For testing parsers in general, there typically is no one Gold standard. Compiler writers rely on individual test cases and test case generators. A test case generator is driven by the grammar of a language and can help to find corner cases that rarely occur in practice. Developing those requires substantial effort, though. If you are curious, look for fuzz testing. As an example for the C language, Finding and Understanding Bugs in C Compilers is a fascinating read about this subject.
If you have biblatex installed, then you have a nice example .bib file at $TEXMF\bibtex\bib\biblatex\biblatex-examples.bib
. It has a lot of comments describing the possible pitfalls of each bibtex entry.
Alternatively you can download the file here: http://mirror.ctan.org/macros/latex/contrib/biblatex/bibtex/bib/biblatex/biblatex-examples.bib
I was thinking on a BNF grammar of the BibTeX format, but I coudn't find one by myself. The closest I found was this one (from a TCL/TK wiki):
# A rough grammar (case-insensitive):
#
# Database ::= (Junk '@' Entry)*
# Junk ::= .*?
# Entry ::= Record
# | Comment
# | String
# | Preamble
# Comment ::= "comment" [^\n]* \n -- ignored
# String ::= "string" '{' Field* '}'
# Preamble ::= "preamble" '{' .* '}' -- (balanced)

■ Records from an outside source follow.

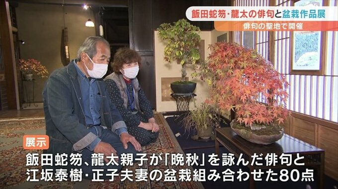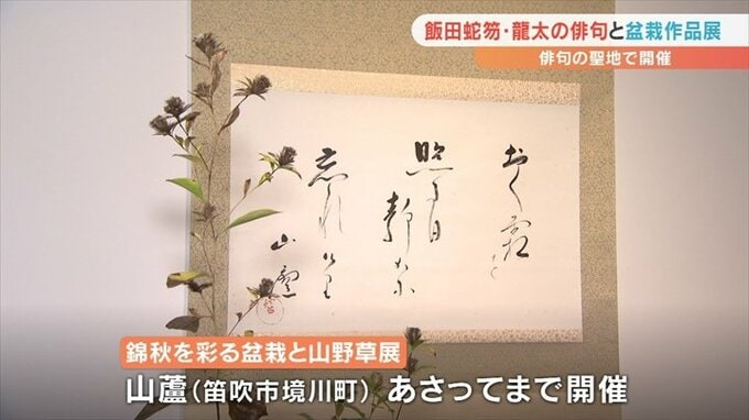 山梨県笛吹市出身の俳人、飯田蛇笏・龍太親子の俳句と秋の盆栽を組み合わせた作品展が笛吹市で開かれています。
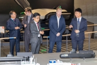 CPSP 추진 과정서 국내 함정 건조 역량 확인 4일 스티븐 퓨어 캐나다 국방조달장관 일행이 HD현대 관계자들로부터 잠수함 모형에 대한 설명을 듣고 있다. /HD현대중공업[더팩트ㅣ황지향 기자] HD현대중공업은 4일 스티븐 퓨어 캐나다 국방조달장관과 필립 라포르튠 주한캐나다대사 일행이 경기 성남..
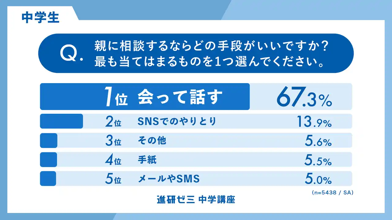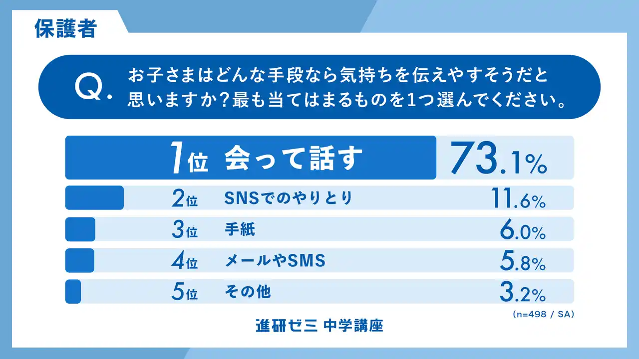 夏休みが終わり、中学生にとっては新学期が始まるこの時期、家庭内での会話は一層大切な役割を果たします。今回の調査からは、親子の双方が「直接会って話す」ことを信頼している一方で、保護者は「工夫や努力」、中学生は「自然な空気」を重視するなど、認識に違いがあることが浮き彫りになりました。 |
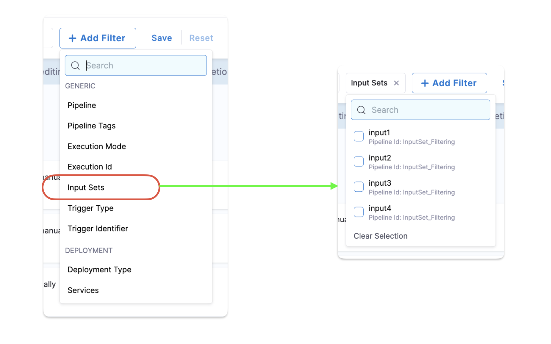 • You can filter pipeline executions by input set name using the Search filter in the Execution History page.
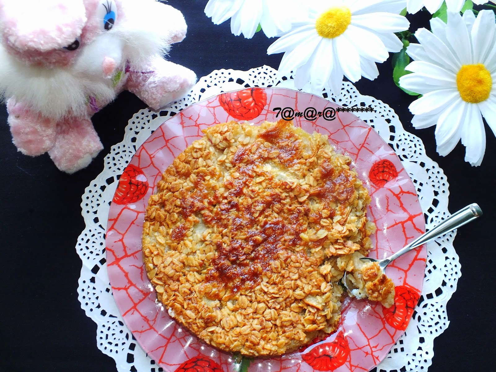 Всем привет! Предлагаю вашему вниманию рецепт низкокалорийного пирога. Вкусный, с хрустящим верхом и яблочной начинкой.  Масло растереть с сахаром, добавить хлопья. Отдельно взбить белки с щепоткой соли. Аккуратно смешать белки с масляной смесью. Выложить тесто на пирог. Выпекать при 200*С 40 минут. Приятного аппетита!
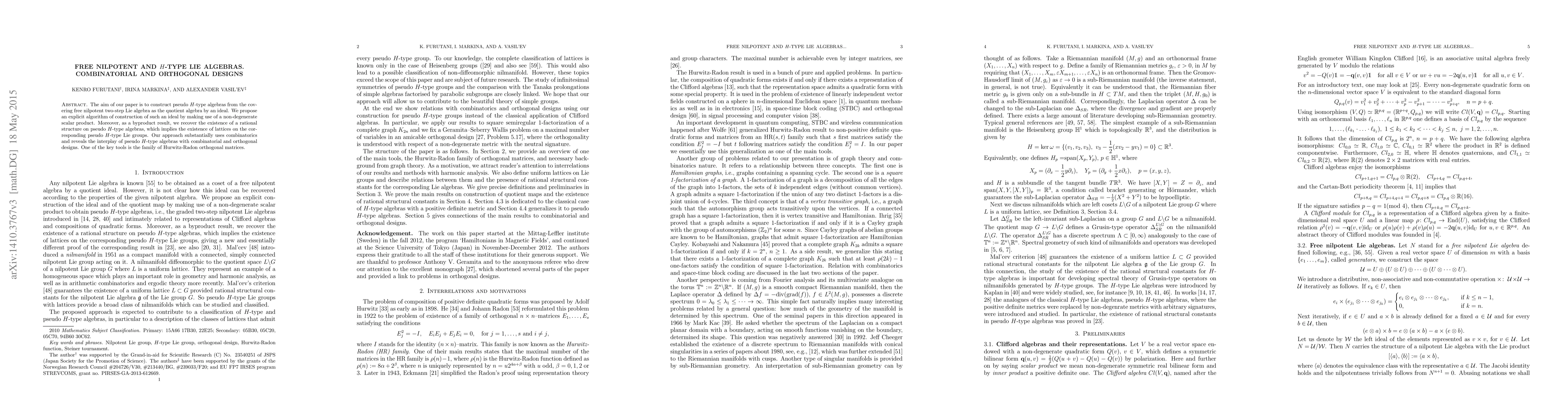 This paper constructs pseudo $H$-type algebras from a covering free nilpotent two-step Lie algebra by introducing an ideal via a non-degenerate scalar product. It utilizes combinatorial methods and orthogonal designs, including Hurwitz-Radon matrices, to demonstrate the existence of a rational structure and lattices on pseudo $H$-type Lie groups.

# Record ::= Type '{' Key ',' Field* '}'
# | Type '(' Key ',' Field* ')' -- not handled
# Type ::= Name
# Key ::= Name
# Field ::= Name '=' Value
# Name ::= [^\s\"#%'(){}]*
# Value ::= [0-9]+
# | '"' ([^'"']|\\'"')* '"'
# | '{' .* '}' -- (balanced)
If your parser is handling well all the .bib files you tested, I think you already did a great job!